Core memory (always-on)

Retrieval has one structural gap: the agent has to decide to search. Core memory closes it. Pin the handful of must-not-forget facts — project identity, key paths, environment, core preferences — and they're mirrored to a plain file, ~/.mem0-mcp/CORE_MEMORY.md, that your always-on rules load every session. Those facts reach the agent with no tool call and no retrieval luck.

  • Pin / unpin. pin_memory(id) adds a memory to core; unpin_memory(id) removes it. Either way the memory stays stored and searchable; pinned entries show 📌 in search_memories / list_memories.

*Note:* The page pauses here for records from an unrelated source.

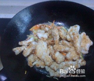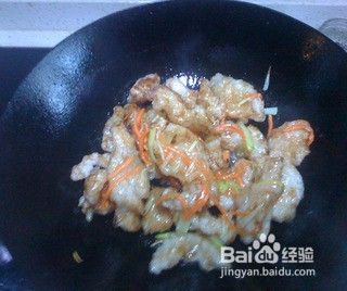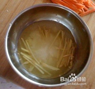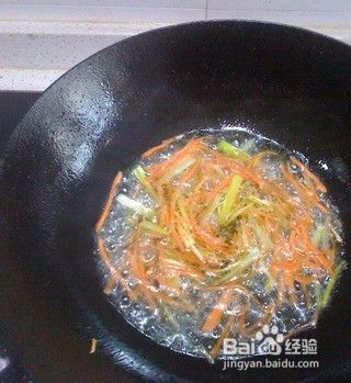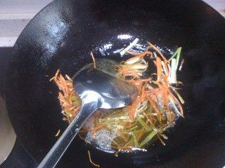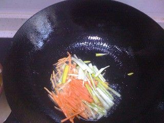 锅内放少量底油,倒入胡萝卜丝,葱丝煸炒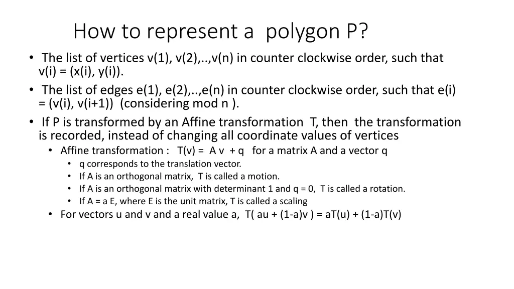 How to represent a polygon P? The list of vertices v(1), v(2),..,v(n) in counter clockwise order, such that v(i) = (x(i), y(i)). The list of edges e(1), e(2),..,e(n) in counter clockwise order, such that e(i) = (v(i), v(i+1)) (considering mod n ). If P is transformed by an Affine transformation T, then the transformation is recorded, instead of changing all coordinate values of vertices Affine transformation : T(v) = A v + q for a matrix A and a vector q q corresponds to the translation vector. If A is an orthogonal matrix, T is called a motion. If A is an orthogonal matrix with determinant 1 and q = 0, T is called a rotation. If A = a E, where E is the unit matrix, T is called a scaling For vectors u and v and a real value a, T( au + (1-a)v ) = aT(u) + (1-a)T(v)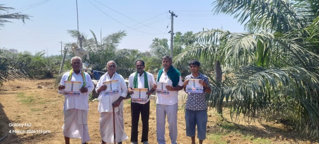 హన్మకొండ జిల్లా పెంచికలపేట శివారు ప్రాంతమైన గూడూరి స్వామిరెడ్డి పెంచుతున్న పామాయిల్ సాగు విధానాన్ని రైతులతో కలిసి పరిశీలించి రైతుమిత్ర నూతన సంవత్సర క్యాలెండర్ ఆవిష్కరణ కార్యక్రమం లో పాల్గొన్న పోలాడి రామారావు.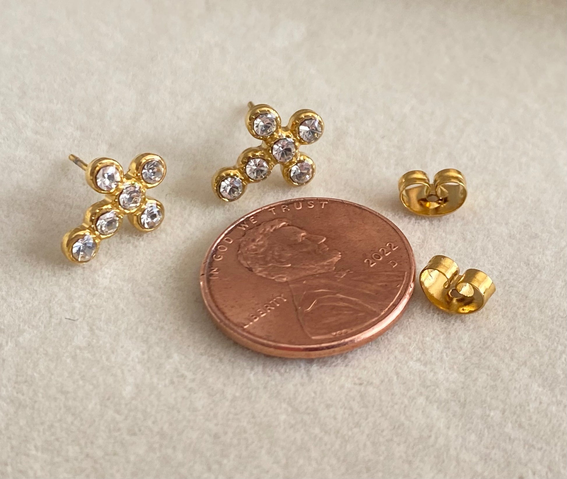 A timeless symbol of faith and elegance. These 18k gold-plated cross studs feature petite CZ stones that shimmer beautifully in the light — perfect for everyday wear or a thoughtful gift.

  • Bounded by design. Core is capped at MEM0_CORE_BUDGET characters (default 4000). It loads into every session, so the cap keeps that always-on block small — pinning past it is refused until you unpin or shorten.

  • Activate it once. Add a line to your always-on rules file so the agent reads the mirror at the start of every session:

    ## Core memory (always-on)
    At the START of every session, read ~/.mem0-mcp/CORE_MEMORY.md — the user's
    pinned, always-on core memory. (Claude Code: import it with `@~/.mem0-mcp/CORE_MEMORY.md`.)
    

The mirror file is auto-generated (re-synced on every pin/unpin and at backend startup) — never edit it by hand. Core is also exposed as the memory://core resource and shown at the top of load_context.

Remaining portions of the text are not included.